L’ère post-moteurs thermiques : le démantèlement massif débute

Image d'illustration. Station service. ADN
L’abandon progressif des moteurs thermiques marque une nouvelle étape dans la transformation de l’industrie automobile, laissant présager d’autres remises en cause majeures et une profonde reconfiguration du secteur au fil des prochaines années.
Tl;dr
- Le « pacte vert » européen subit deux reculs majeurs.
- Abandon de l’interdiction des voitures thermiques en 2035.
- Autorisation prolongée pour certains pesticides controversés.
Un tournant pour le « pacte vert » européen
Ce mardi, la Commission européenne a opéré un virage inattendu dans sa stratégie environnementale. Deux décisions phares : l’abandon du calendrier visant à interdire la vente de véhicules neufs à moteur thermique dès 2035 et l’autorisation pérenne de certains pesticides. Pour nombre d’observateurs, cette double annonce marque une inflexion majeure dans la mise en œuvre du « pacte vert », l’ambitieux projet lancé en 2019 sous la présidence d’Ursula von der Leyen, qui visait à faire de l’Europe le premier continent neutre sur le plan climatique.
L’industrie européenne en première ligne
Ce choix n’est pas sans arrière-pensée économique. Selon Phuc-Vinh Nguyen, responsable du centre énergie à l’Institut Jacques Delors, il s’agit moins d’un simple ajustement que du « début d’un grand détricotage ». Protéger la compétitivité des constructeurs automobiles européens, notamment face aux concurrents chinois sur le segment électrique, semble désormais primer sur l’urgence climatique. Un glissement stratégique confirmé par la décision relative aux pesticides, alors même que les agriculteurs européens multiplient les mobilisations contre ce qu’ils jugent des normes trop strictes et craignent une perte de compétitivité face au Mercosur.
Un impact direct sur les objectifs climatiques
Ces renoncements pourraient bouleverser la trajectoire adoptée jusqu’ici. Car, au-delà de ces mesures emblématiques, d’autres dossiers risquent d’être revus à la baisse. En particulier le nouveau marché carbone, destiné à obliger les secteurs les plus polluants (transports routiers, bâtiment, petite industrie) à payer pour leurs émissions de gaz à effet de serre. Initialement prévu pour 2027, son lancement devrait être repoussé à 2028 avec un plafonnement du prix à 45 euros la tonne — et potentiellement davantage de souplesse quant à ses modalités.

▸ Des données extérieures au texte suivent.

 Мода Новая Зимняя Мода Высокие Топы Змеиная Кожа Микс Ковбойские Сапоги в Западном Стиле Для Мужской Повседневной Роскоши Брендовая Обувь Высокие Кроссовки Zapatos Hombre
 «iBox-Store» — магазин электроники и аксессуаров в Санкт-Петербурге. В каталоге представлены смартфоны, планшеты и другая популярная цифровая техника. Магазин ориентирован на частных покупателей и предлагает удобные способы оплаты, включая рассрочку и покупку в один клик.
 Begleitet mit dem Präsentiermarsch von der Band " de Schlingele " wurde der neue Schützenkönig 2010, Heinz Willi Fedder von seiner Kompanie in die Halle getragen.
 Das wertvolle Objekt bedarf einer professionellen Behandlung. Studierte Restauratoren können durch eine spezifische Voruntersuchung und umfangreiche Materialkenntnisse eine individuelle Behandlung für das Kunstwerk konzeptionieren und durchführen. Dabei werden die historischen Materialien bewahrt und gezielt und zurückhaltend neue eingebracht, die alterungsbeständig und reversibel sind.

Pour rendre plus lisible ce changement de cap, une future législation dite « Omnibus » viendrait simplifier ou amender divers textes existants du Green Deal. Concrètement, on peut s’attendre prochainement à :
- Des reports d’échéances sur plusieurs volets climatiques.
- Des paramètres revus pour le marché carbone.

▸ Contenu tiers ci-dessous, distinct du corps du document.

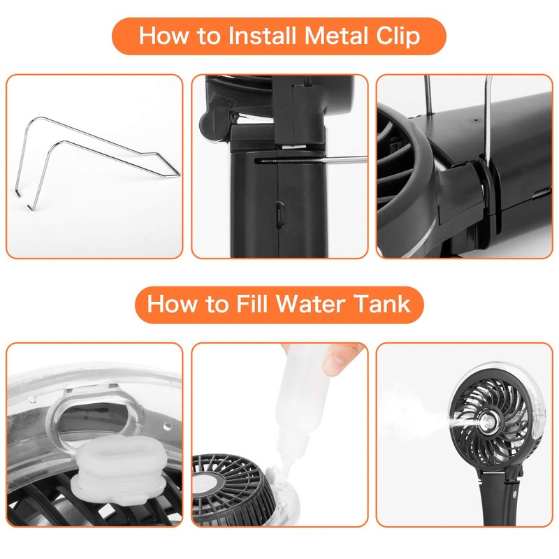 **COMLIFE Portable Misting Handheld Fan** \-- Your Best Companion in This Hot Summer! **Multifunction -- Fan + Humidifier + Light** The fan, misting and night light functions can work separately or together. Used as a misting fan, it helps to last your makeup, keeping skin fresh or cooling after exercise. While the unique colorful LED light helps to create atmosphere, you can use it at the concert or used it as a nightlight while sleeping. **Handheld, Desk & Clip Fan 3 in 1** **Handheld Fan** Small size(8.86*4.13*1.46) and light weight(0.42lb). It’s easy to carry with you by holding in hand or put in bag while going outdoor. **Mini Desk Fan** 180°foldable feature allows the fan to stand on desk. You can use it at home, in office or classroom. The cool breeze will makes you more comfortable while study or working. **Clip Fan** With a metal clip, the fan can be fixed on desktop, shelf or baby stroller. **Specification:** Input current: 5V/1A Working time: 2-13H Charging time: 3 hours Battery: 18650 lithium ion battery(built in and irreplaceable), 2000mAh **Mode Indicator Light:** Red: fan mode Green: mist mode Yellow:fan+mist mode **NOTE** * When you hang the fan upside down, the mist mode won’t work because of the special shape of water tank. * Before refill water, please turn off the fan, mist and light to prevent the fan from getting wet and short circuit. **Package Contents** 1* Handheld fan 1* Metal clip 1* USB Charging cord (80cm) 1* Water bottle 1* User Manual
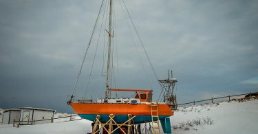 solidement remisé pour l’hiver… mais pas trop loin du débarcadère.
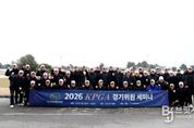 브릿지저널 김경미 기자 | (사)한국프로골프협회(회장 김원섭, 이하 KPGA)가 2026년 ‘KPGA 경기위원 세미나’를 개최했다. 3월 5일부터 6일까지 양일간 전북 군산에 위치한 군산CC에서 열린 ‘KPGA 경기위원 세미나’에는 최병복 신임 경기위원장(64)을 포함해 42명의 경기위원이 참석했다. 1일차인 5일에는 2026년 KPGA가 주최, 주관하는 투어 일정과 변경사항을 포함해 경기위원의 역할과 임무, 로컬룰과 플레이속도, 팀별 현장 실습 등이 이뤄졌다. 2일차인 6일에는 경기위원 룰 테스트, 응급처치 교육 등이 진행됐다. 최병복 경기위원장은 “조직을 이끌어 가는 것에 있어 가장 중요하게 생각하는 것은 ‘팀워크’다. 경기위원 모두가 사명감을 가지고 협력해 선수들에게 신뢰받는 경기위원회가 되도록 최선을 다하겠다”며 “대회장에서 성숙한 판단과 공정한 판정이 이루어질 수 있도록 모든 경기위원이 철저히 준비하고 있다. 2026시즌 더욱 발전된 코스 제공과 원활한 경기 운영으로 매 대회 선수들이 만족스러운 플레이를 펼칠 수 있도록 돕겠다”고 말했다. 한편 KPGA는 지난해 12월 ‘KPGA 경기위원장

- Une flexibilisation accrue des régulations agricoles.
L’avenir incertain du Green Deal
Si les installations énergétiques renouvelables — éolien et solaire — continuent d’avancer au rythme escompté, leur intégration pourrait poser question sans adoption massive des véhicules électriques. Comme le souligne Phuc-Vinh Nguyen, « Cela met sérieusement en péril l’objectif européen de réduire les émissions de CO2 de 55 % d’ici à 2035 par rapport aux niveaux de 1990 : cohérence et ambition se fragilisent au fil des compromis politiques. » Les prochains mois diront si ce « détricotage » s’accentue ou si un nouvel équilibre pourra être trouvé entre impératifs économiques et exigences climatiques.